**INPUT DATA**
══════

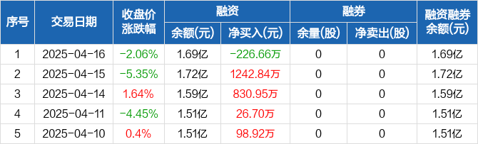融资方面,当日融资买入1116.9万元,融资偿还1343.56万元,融资净偿还226.66万元。融券方面,融券卖出0股,融券偿还0股,融券余量0股,融券余额0元。融资融券余额合计1.69亿元。
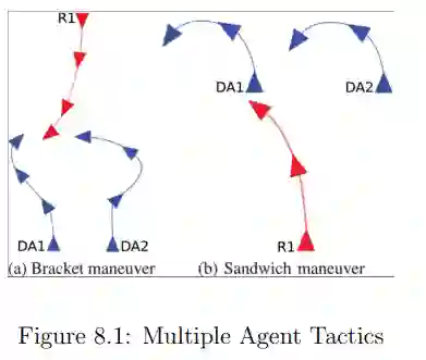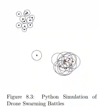 斯特里克兰等人利用模拟来测试各种无人驾驶飞行器的战术,并测试赢得战斗的决定性因素可能是什么。他们对一个具有战术的蜂群进行编程,并让这个蜂群与敌人的蜂群作战。智能体试图使用图8.1所示方法协调对敌方无人机的攻击。只有当有两架无人机对抗一架敌方无人机时,这些战术比单枪匹马射击敌人更有效,而且它们与其他成对的无人机之间有足够的空间。其次,一些特工会飞离敌人,作为保护自己的手段,从不对敌人使用任何攻击性战术。[Strickland 2019]
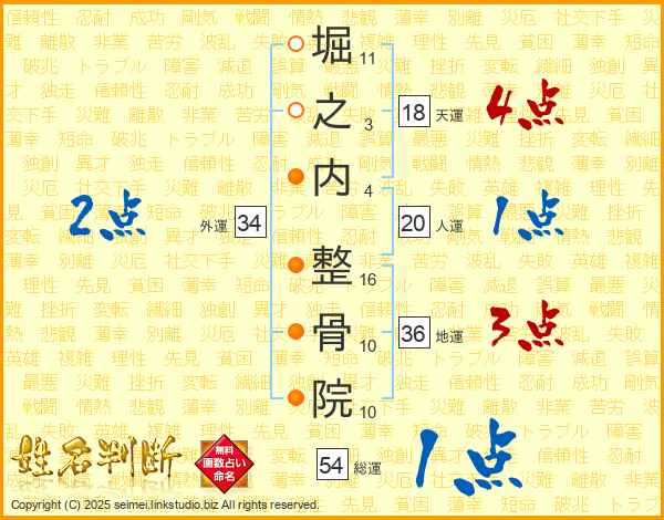 堀(11画)之(3画)内(4画) 整(16画)骨(10画)院(10画)
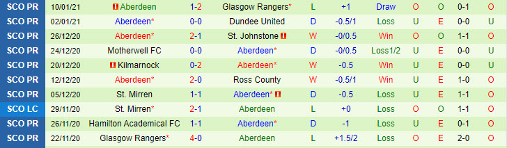 + Thống kê 10 trận gần nhất của Aberdeen

══════

**INSTRUCTIONS FOR THE TASK**
The whole listing is to be duplicated verbatim, apart from its images.

**RESULT BELOW**
融资方面,当日融资买入1116.9万元,融资偿还1343.56万元,融资净偿还226.66万元。融券方面,融券卖出0股,融券偿还0股,融券余量0股,融券余额0元。融资融券余额合计1.69亿元。
 斯特里克兰等人利用模拟来测试各种无人驾驶飞行器的战术,并测试赢得战斗的决定性因素可能是什么。他们对一个具有战术的蜂群进行编程,并让这个蜂群与敌人的蜂群作战。智能体试图使用图8.1所示方法协调对敌方无人机的攻击。只有当有两架无人机对抗一架敌方无人机时,这些战术比单枪匹马射击敌人更有效,而且它们与其他成对的无人机之间有足够的空间。其次,一些特工会飞离敌人,作为保护自己的手段,从不对敌人使用任何攻击性战术。[Strickland 2019]
 堀(11画)之(3画)内(4画) 整(16画)骨(10画)院(10画)
 + Thống kê 10 trận gần nhất của Aberdeen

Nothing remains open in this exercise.